The Transfers edge uses Spanner's full composite primary key (id, to_id, create_time) as its edge ID. The sample data has two transfers with (id=7, to_id=16) and different create_time values, so keying on id alone would collapse them into one edge.

In the Web UI, click Graph in the sidebar, then Upload Schema, and select schema.json.

Upload via CLI

curl -X POST -H "content-type: application/json" \
  --data-binary @./schema.json \
  --user "puppygraph:puppygraph123" \
  http://localhost:8081/schema

Querying the Graph

In the PuppyGraph Web UI, click Query in the sidebar. You can run graph queries in either Cypher or Gremlin.
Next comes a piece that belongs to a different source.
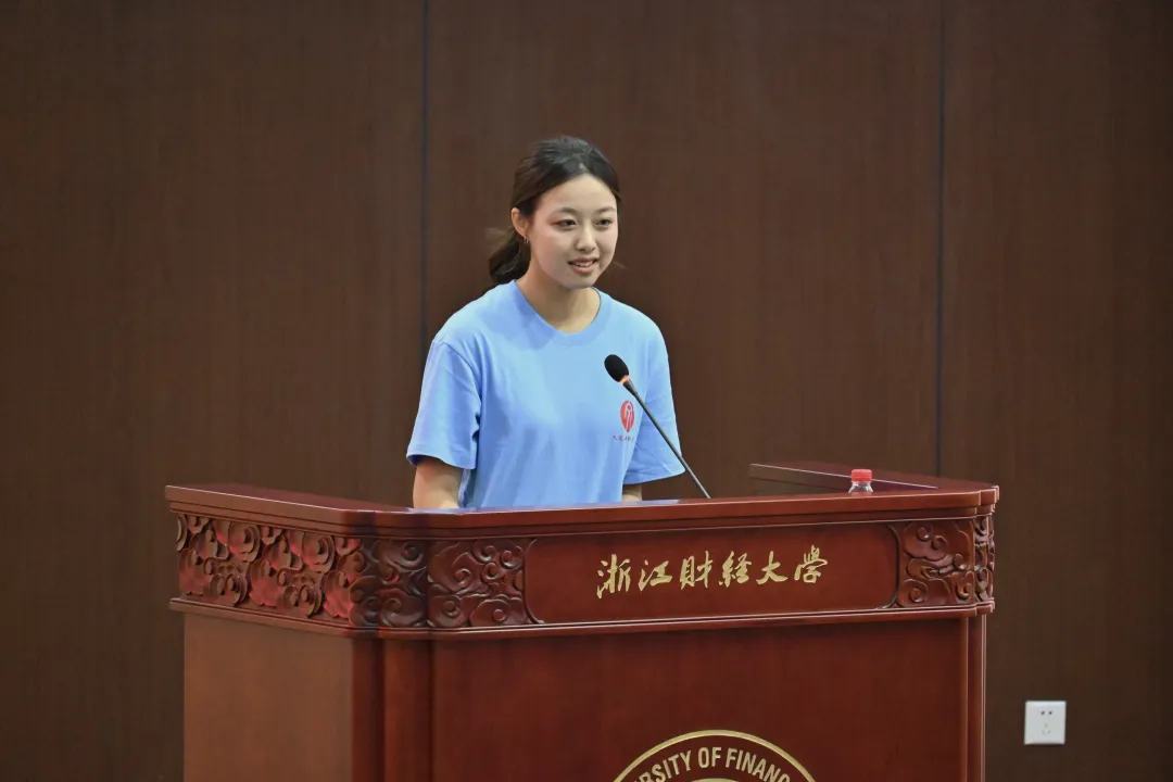 道阻且长,行则将至。新生本科生代表25新传2班的江培悦同学同我们分享了她从高中走向大学的心理路程,并描绘了她对未来的三卷美好蓝图:学习上深耕专业、拓宽视野;生活中以志愿服务践行责任,借社团活动培育兴趣;成长中积累实践经验、坚守本心,立志成为“有温度的传播者”。
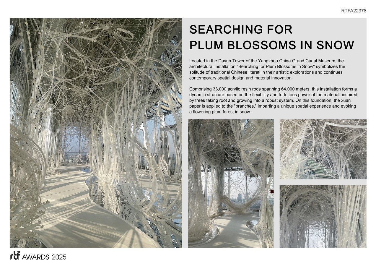 Located in the Dayun Tower of the Yangzhou China Grand Canal Museum, the architectural installation “Searching for Plum Blossoms in Snow” symbolizes the solitude of traditional Chinese literati in their artistic explorations and continues contemporary spatial design and material innovation.

The following query traces Person-to-Person transfer paths through owned Accounts:

CypherGremlin

MATCH path = (p:Person)-[:Owns]->(:Account)-[:Transfers]->(:Account)<-[:Owns]-(q:Person)
RETURN path;

g.V().hasLabel('Person').as('p')
  .out('Owns').out('Transfers').in('Owns').path()

Cleanup

Stop the PuppyGraph container:

docker stop puppygraph && docker rm puppygraph

Drop the Spanner database (or the whole instance) from the GCP console when you're done.